NUNUKAN – Anggota DPRD Kaltara, Rismanto, menekankan pentingnya pembangunan ekonomi, infrastruktur, dan layanan publik di wilayah perbatasan. Ia berharap Raperda Pembangunan Perbatasan mampu memperkuat koordinasi lintas sektor dan menghadirkan pemerataan pembangunan yang nyata untuk masyarakat.

Politisi Partai NasDem tersebut menyoroti posisi strategis wilayah perbatasan, termasuk Nunukan, yang bukan hanya menjadi garda terdepan Negara Kesatuan Republik Indonesia (NKRI), tetapi juga gerbang ekonomi dan sosial yang menghubungkan Indonesia dengan Malaysia.

“Kita tidak bisa melihat perbatasan hanya dari sisi keamanan saja. Pembangunan ekonomi, infrastruktur, pendidikan, dan layanan publik di wilayah perbatasan juga harus menjadi prioritas agar masyarakat tidak tertinggal,” tegas Rismanto dalam kegiatan tersebut.

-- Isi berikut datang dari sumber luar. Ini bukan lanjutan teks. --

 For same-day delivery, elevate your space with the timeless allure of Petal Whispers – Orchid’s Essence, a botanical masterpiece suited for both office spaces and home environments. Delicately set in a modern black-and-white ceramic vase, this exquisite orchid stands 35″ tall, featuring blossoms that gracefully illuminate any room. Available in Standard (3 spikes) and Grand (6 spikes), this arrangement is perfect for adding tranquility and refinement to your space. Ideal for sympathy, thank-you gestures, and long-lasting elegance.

Ia berharap Raperda tersebut dapat menjadi landasan hukum yang kuat untuk memperkuat koordinasi lintas sektor sekaligus mempercepat pemerataan pembangunan di kawasan perbatasan Kaltara. Menurutnya, karakteristik Kaltara yang sebagian besar merupakan wilayah perbatasan menjadikan perencanaan dan pengelolaannya harus dilakukan dengan pendekatan yang lebih inklusif.

“Kaltara ini unik, karena sebagian besar wilayahnya adalah perbatasan. Maka, perencanaannya harus melibatkan masyarakat lokal agar setiap program benar-benar menyentuh kebutuhan mereka,” ujarnya.

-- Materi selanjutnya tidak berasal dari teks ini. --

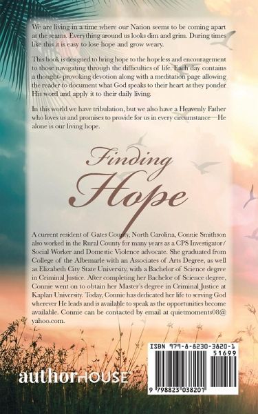 We are living in a time where our Nation seems to be coming apart at the seams. Everything around us looks dim and grim. During times like this it is easy to lose hope and grow weary. This book is designed to bring hope to the hopeless and encouragement to those navigating through the difficulties of life. Each day contains a thought- provoking devotion along with a meditation page allowing the reader to document what God speaks to their heart as they ponder His word and apply it to their daily living. In this world we have tribulation, but we also have a Heavenly Father who loves us and promises to provide for us in every circumstance-He alone is our living hope.

Kegiatan sosialisasi yang dihadiri tokoh masyarakat, perangkat desa, dan organisasi kepemudaan itu juga menjadi momentum bagi Rismanto untuk menegaskan peran strategis pemerintah daerah dan DPRD. Ia meminta agar setiap program pembangunan di wilayah perbatasan tidak sebatas simbolis, melainkan mampu memberikan dampak nyata bagi peningkatan kesejahteraan masyarakat.

“Kita ingin ke depan, perbatasan bukan lagi daerah yang tertinggal, tetapi menjadi beranda depan yang membanggakan Indonesia,” tutupnya.

Peserta sosialisasi menyampaikan antusiasme terhadap rencana pembentukan Perda tersebut, sebagai langkah konkrit dalam mendorong percepatan pembangunan dan mewujudkan keadilan sosial bagi masyarakat perbatasan di Kalimantan Utara.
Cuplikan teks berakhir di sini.